In other languages there is a way to escape a literal through a tool similar to the RegExp.escape proposal:
- Perl: quotemeta(str) - see the docs
- PHP: preg_quote(str) - see the docs
- Python: re.escape(str) - see the docs
- Ruby: Regexp.escape(str) - see the docs
- Java: Pattern.quote(str) - see the docs
- C#, VB.NET: Regex.Escape(str) - see the docs
Note that the languages differ in what they do - (perl does something different from C#) but they all have the same goal. Most of these languages have template strings but most of them don't have tagged template strings like in ES which enable the syntax and solution format this solution uses.
We propose the addition of an RegExp.tag
function, such that strings can be escaped in order to be used inside regular expressions:
var str = prompt("Please enter a string");
let re = RegExp.tag()`${str}.*${str}A`;
alert(re.test(str)); // check if the string matches against the string twice with A following the second time
There is an alternative proposal here about a RegExp.escape function.
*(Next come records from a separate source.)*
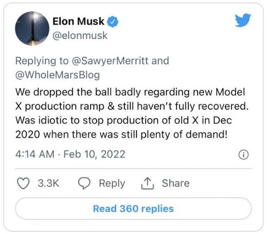 馬斯克寫(xiě)道:“我們在新款 Model X 的生產(chǎn)安排上嚴重失誤,目前還沒(méi)有完全恢復。”“2020 年 12 月,市場(chǎng)需求仍然很大,我們卻停止生產(chǎn)老款 Model X,真是愚蠢!”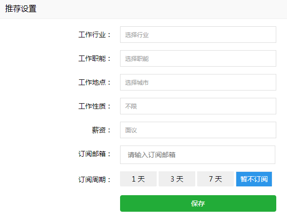 可选择订阅周期,系统匹配职位信息后根据推荐设置自动推送。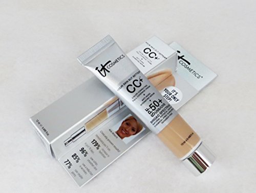 ** This highly pigmented multi-tasking beauty miracle truly covers everything, will not crease or crack in fine lines, and gives you a healthy, Your Skin But Better® glow. Paraben-free and SPF 50+ UVA/UVB Broad Spectrum, Physical Only, Non-Chemical Sunscreen. ** Developed with leading plastic surgeons, Your Skin But Better® CC+TM Cream with SPF 50+ is truly a multi-tasking beauty miracle. It's your SPF 50+ UVA/UVB Physical only sunscreen that protects against the rays that both burn your skin and age your skin. CC+TM is infused with cutting edge Anti-Aging technology and is clinically proven to improve skin texture, brightness and increase skin hydration by 79%. The Anti-Aging hydrating formula is infused with Peptides, Niacin, Algae, Vitamins A, C, B, E, Hyaluronic Acid and Hydrolyzed Collagen along with Antioxidants and exotic natural botanicals for long-term brightening and color-correcting benefits. Key Benefits: ** Highly pigmented and covers absolutely everything and anything. **Scientific breakthrough - clinically proven multi-tasking skin care, coverage and protection all-in-one. ** SPF 50+ Broad Spectrum UVA/UVB non-chemical physical only sunscreen.Feature
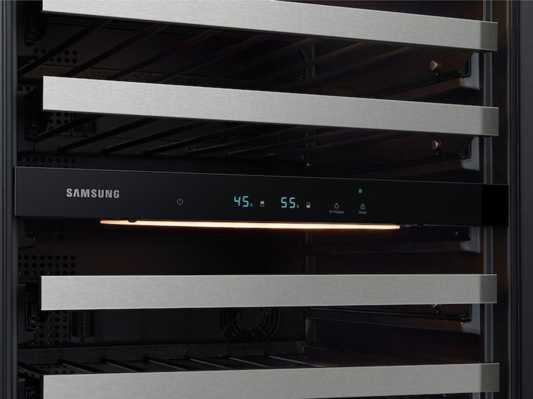 Q: What is the Samsung 51-Bottle Capacity Wine Cooler RW51TS338SR-KT?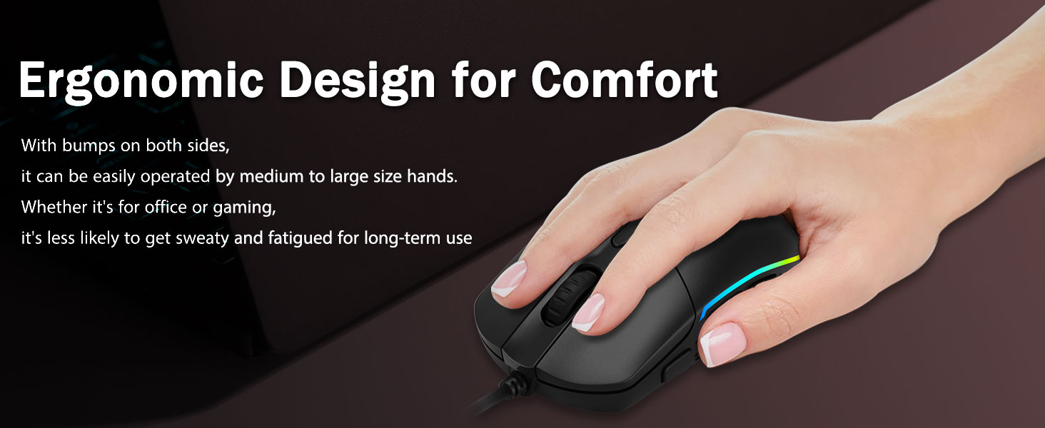 Тасаллӣ- Нишонҳои эргономикӣ дар ҳарду ҷониб мушҳои бозӣро дар ҳама гуна дастҳо ташкил медиҳанд. Он барои бозингарон, бе хастагӣ ҳатто дар соатҳои тӯлонии бозӣ шадидро барои бозингарон, бидуни хастагӣ медиҳад. Он ҳангоми бардоштани муши бозӣ ё зуд ва свитаҳои дақиқ намеёбад.
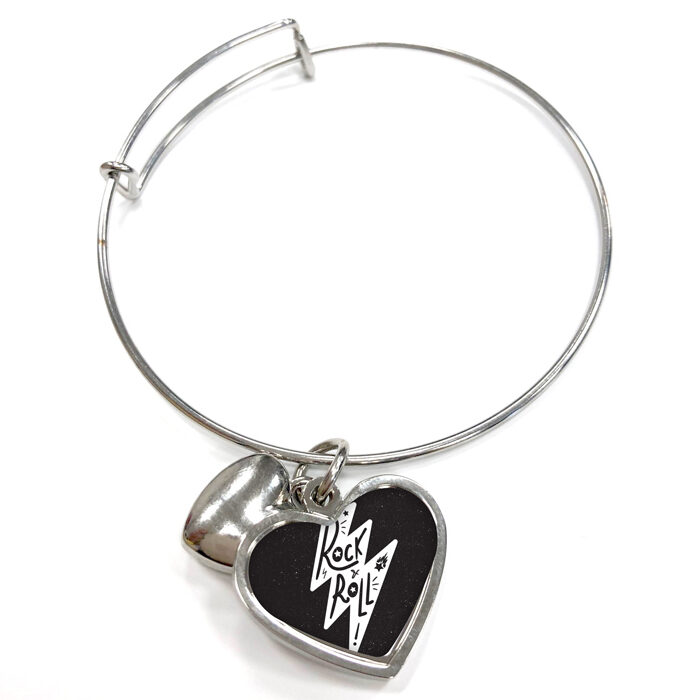 Μεταλλικό, εκτυπώσιμο βραχιόλι σε ασημί χρώμα με σχέδιο καρδιά, για να χαρίσεις στη φίλη που λατρεύει την Rock and Roll μουσική!

Similar to that proposal this one uses the spec's SyntaxCharacter
list of characters so updates are in sync with the specificaiton instead of specifying the characters escaped manually. This is unlike earlier proposals.
##Cross-Cutting Concerns
The list of escaped identifiers should be kept in sync with what the regular expressions grammar considers to be syntax characters that need escaping - for this reason instead of hard-coding the list of escaped characters we escape characters that are recognized as a SyntaxCharacter
s by the engine. For example, if regex comments are ever added to the specification (presumably under a flag) - this ensures they are properly escaped.